Such has been the case in the three weeks since the death of Marcos Morillon. Even now, writing those last five words feels awkward and painful. And wrong. Just wrong.

There are people in all of our lives who seem invincible. Who radiate life and love, and we assume no being so filled with both could succumb to anything less than a ripe old age. When one of them is taken too soon, our world is turned upside down, as so many in Artesia experienced upon Marcos’ passing.

I don’t need to tell you what sort of person Marcos was. The adjectives come easily to all who encountered him: genuine, kind, compassionate, selfless, strong. For as long as I knew him, I never heard a cross or even indifferent word spoken about him. That in itself is rare.

Instead, I need to tell you how hard the guy made me laugh. From post-game epiphanies about his episodes of intensity on the basketball sidelines (“Oh, man, I think I accidentally went nuts out there… were words coming out?”), to the sight of him heading off a rogue lawnmower during a cross country race from atop his trusty four-wheeler, to my first interview with him as coach and reporter.
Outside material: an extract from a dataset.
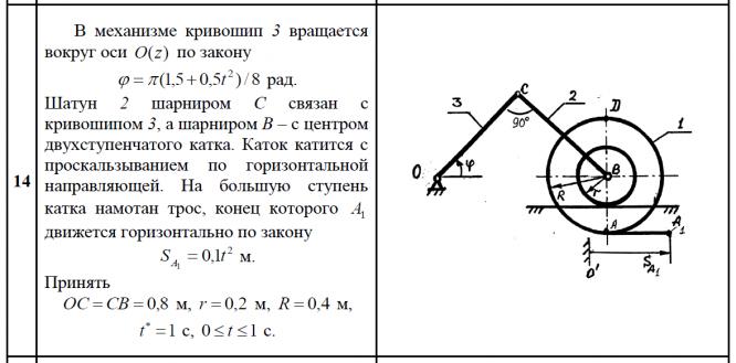 В механизме кривошип 3 вращается вокруг оси O(z) по закону (1,5 0,5 )/8 2     t рад. Шатун 2 шарниром С связан с кривошипом 3, а шарниром В – с центром двухступенчатого катка. Каток катится с проскальзыванием по горизонтальной направляющей. На большую ступень катка намотан трос, конец которого A1 движется горизонтально по закону 2 0,1 1 S t A  м. Принять OC CB  0,8 м, r  0,2 м, R  0,4 м, 1  t с, 0  t 1 с. .
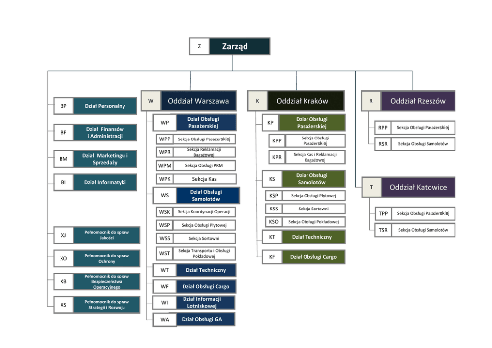 Z W BP Dział Personalny Oddział Warszawa WP BF BM BI Dział Finansów i Administracji Dział Marketingu i Sprzedaży Dział Informatyki Pełnomocnik do spraw Jakości XO Pełnomocnik do spraw Ochrony XB Pełnomocnik do spraw Bezpieczeństwa Operacyjnego XS Pełnomocnik do spraw Strategii i Rozwoju Dział Obsługi Pasażerskiej WPP Sekcja Obsługi Pasażerskiej WPR Sekcja Reklamacji Bagażowej WPM Sekcja Obsługi PRM WPK Sekcja Kas WS Dział Obsługi Samolotów WSK XJ Zarząd Sekcja Koordynacji Operacji Oddział Kraków K Dział Obsługi Pasażerskiej RPP Sekcja Obsługi Pasażerskiej KPP Sekcja Obsługi Pasażerskiej RSR Sekcja Obsługi Samolotów KPR Sekcja Kas i Reklamacji Bagażowej KP KS Dział Obsługi Samolotów KSP Sekcja Obsługi Płytowej KSS Sekcja Sortowni KSO Sekcja Obsługi Pokładowej WSP Sekcja Obsługi Płytowej WSS Sekcja Sortowni KT Dział Techniczny WST Sekcja Transportu i Obsługi Pokładowej KF Dział Obsługi Cargo WT Dział Techniczny WF Dział Obsługi Cargo WI Dział Informacji Lotniskowej WA Dział Obsługi GA Oddział Rzeszów R Oddział Katowice T TPP Sekcja Obsługi Pasażerskiej TSR Sekcja Obsługi Samolotów Zarząd Z G Oddział Gdańsk Dział Obsługi Pasażerskiej GP Oddział Poznań P PP Dział Obsługi Pasażerskiej GPP Sekcja Obsługi Pasażerskiej PPP Sekcja Obsługi Pasażerskiej GPR Sekcja Reklamacji Bagażowej PPR Sekcja Reklamacji Bagażowej GPM Sekcja Obsługi PRM PPA Sekcja Obsługi GA i VIP GPA Sekcja Obsługi GA i VIP PS Dział Obsługi Samolotów Dział Obsługi Samolotów GS GSP Sekcja Obsługi Płytowej GSK Sekcja Koordynacji Operacji GSS Sekcja Sortowni GSO Sekcja Obsługi Pokładowej GST Sekcja Obsługi Technicznej PSP Sekcja Obsługi Płytowej PSK Sekcja Koordynacji Operacji PSS PSO Sekcja Sortowni Sekcja Obsługi Pokładowej Oddział Szczecin S SPP Sekcja Obsługi Pasażerskiej SSR Sekcja Obsługi Samolotów

Halfway through that phone conversation, the noise from his Spanish classroom steadily increasing in volume despite his intermittent shushing, he paused mid-sentence – “Hang on one second… (his voice became slightly muffled) I’m about to open up a can in this class!! You hear me? Open up una lata in el aula!” – then picked up exactly where he’d left off.

Tongue-in-cheek discipline aside, I also need to tell you how much he enjoyed being a teacher and mentor. The sight of him running alongside his cross country teams or pacing his track athletes around the infield of Bulldog Bowl, shouting words of encouragement, were well known. Anyone who wondered at the number of students willing to compete in sports as physically demanding as cross country and distance running in the often brutal Southeast New Mexico heat didn’t wonder for long; he was a master motivator, and his inspiration left the recipient willing to give everything they had and more to make him proud.
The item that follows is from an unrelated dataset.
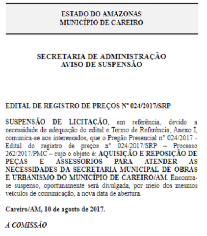 Careiro Castanho Aviso de Suspensão de Licitação 18 de agosto de 2017 Share FacebookTwitterPinterestWhatsApp Aviso de Suspensão de Licitação publicada no Diário Oficial dos Municípios Facebook: www.facebook.com/portaldocareiro/ Twitter: @PortaldoCareiro Redação: (92)99191-9814 Tagsdestaque Share FacebookTwitterPinterestWhatsApp Artigo anteriorGoverno amplia público-alvo de vacinas de HPV para adultos até 26 anosPróximo artigoPF deflagra operação para investigar fraudes no Bolsa Atleta LEIA MAIS Careiro Castanho Você Sabia? A Prefeitura Recebeu R$ 960 Mil para Reformar o Mercado Municipal 29 de setembro de 2025 Careiro Castanho Careiro/AM: Lei proíbe uso de fogos de artifício; multas variam de R$ 2 mil a R$ 5 mil 23 de setembro de 2025 Careiro Castanho Você sabia? Careiro recebeu mais de R$ 10 milhões extras de convênios este ano 22 de setembro de 2025
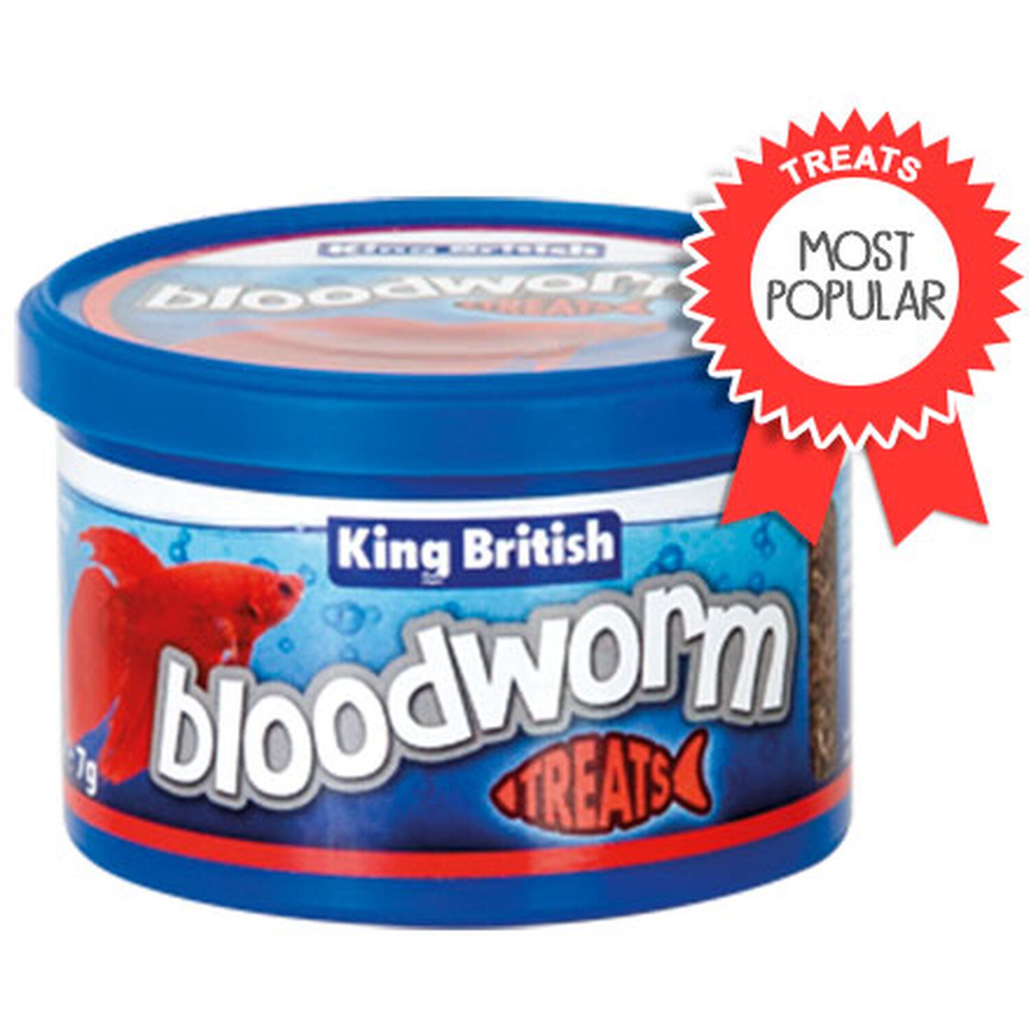 King British Bloodworm Treats are suitable for all aquarium fish, turtles and terrapins. Bloodworms are insect larvae, freeze-dried immediately after harvest to retain flavour and nutritional value. Their name comes from their natural red colour, and they are the type of food that freshwater fish would choose to eat in the wild. They are rich in iron and protein and promote excellent colour and condition. A welcome addition to any diet.

And he was. When extolling his athletes’ efforts, work ethic and perseverance, he sounded like a delighted child. “That’s the best part of being a coach,” he would often say. “Seeing them realize that hard work pays off.”

My interviews with Marcos on Saturday afternoons were rarely less than a half-hour long, and that wasn’t counting friendly conversation. He had something to say about each individual runner on his teams, including those on junior varsity. As such, cross country articles in the Daily Press were typically quite long – long enough to prompt a colleague from out of town to once remark, “Wow, that’s the longest cross country article I’ve ever seen. You need to trim the coach’s comments down; who’s going to read that?”
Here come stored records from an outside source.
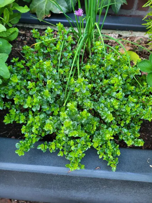 Thymus pulegioides 'Tabor' is een kruipend bossig struikje met glanzende groene blaadjes die groter zijn dan bij de gewone tijm.
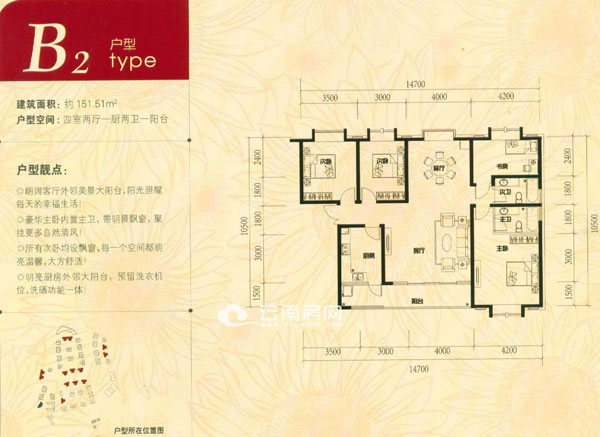 小編推薦戶型二位151.51平米的B2戶型,四室兩廳一廚兩衛(wèi)一陽臺,該戶型適合有老人和孩子的家庭居住,可營造其樂融融的居住氛圍。戶型亮點為所有主次臥均設(shè)有飄窗,每一個空間都明亮溫馨,大方舒適?蛷d寬敞大氣且與陽臺相鄰,可在陽臺上布置美景,坐于客廳與友人聊天時還可觀賞美景陽臺,可盡享幸福時光;明亮廚房也與大陽臺相鄰,且陽臺上預(yù)留有洗衣機位,可洗曬功能一體。
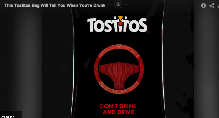 Deze zak Tostitos (een soort chips) geeft een signaal als je te veel gedronken hebt. Als je in de zak blaast. Dan verschijnt dit icoontje, en je krijgt met het zakje een kortingsbon van $10 op een Uber taxi. En als je zo lazarus bent dat je de toetsen niet meer kunt vinden hoef je alleen maar de telefoon tegen het zakje te houden want het heeft ook NFC. Stuntje van Tostitos ter gelegenheid van de Super Bowl.
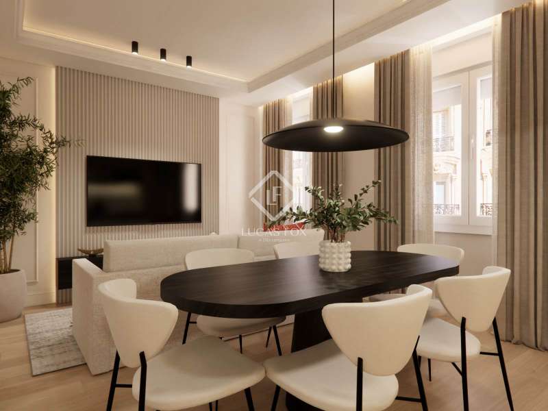 Lucas Fox presents this bright and elegant apartment on the third floor of a stately building with an elevator. It is located in one of the most sought-after areas of the Salamanca district, known for its classic architecture, exclusivity, and urban lifestyle. The property, with 101 m² of cadastral land, has been completely renovated with a modern and functional design that combines style and comfort. Every detail has been carefully considered to create a sophisticated property with high-quality finishes and a welcoming atmosphere. The interior layout has been optimized to offer spaciousness and comfort. It features three bedrooms, two of them with private bathroom, all with excellent natural light and built-in wardrobes. There is also a third bathroom. The day area consists of a bright living-dining room with access to an exterior balcony and a fully equipped modern kitchen with integrated appliances . The apartment comes fully furnished with designer furniture and equipped with air conditioning, individual heating, and high-efficiency woodwork, making it an ideal option for both immediate move-in and investment. Thanks to its strategic location, the property enjoys tranquility while still being close to all the amenities and connections of Madrid.

The answer was, of course, the cross country runners. And even if no one else in town opted to dive into that sea of words, there was no way on Earth I was editing Marcos. Those articles were messages from him to his athletes, saying “I care about you, I appreciate your hard work, and I want everyone to know it.”

I share sports stories because those are the easiest to recount. The personal stories are too difficult to reflect upon for now, but I know I speak for many when I say they will be cherished always.

Every day, people pass suddenly from this world. It’s one of those variables that make life at once terrible and beautiful. We never know what’s ahead. We walk toward it, and we discover. Knowing exactly what the future holds sounds nice in theory, but a world without wonder would be a bleak place. So we accept the risks, the threats, the unknowns for the inevitabilities they are, and for the sake of the better days between.

When the worst happens unexpectedly, the most devastating side effect is often unanswered questions. We can’t help but feel that so many things have been left unresolved. But one of the greatest gifts I believe Marcos gave all who knew him is that we will never have to wonder how he felt about us, our lives, our ambitions, our potential. He made absolute certain we knew – regularly and eloquently. We should all be so lucky to leave such a legacy.

My own words still feel inadequate, but in the end, the best will likely be the most uncomplicated and honest, much like the man to whom they’re spoken: I love you, Marcos. I will miss you. And thank you – above all, thank you.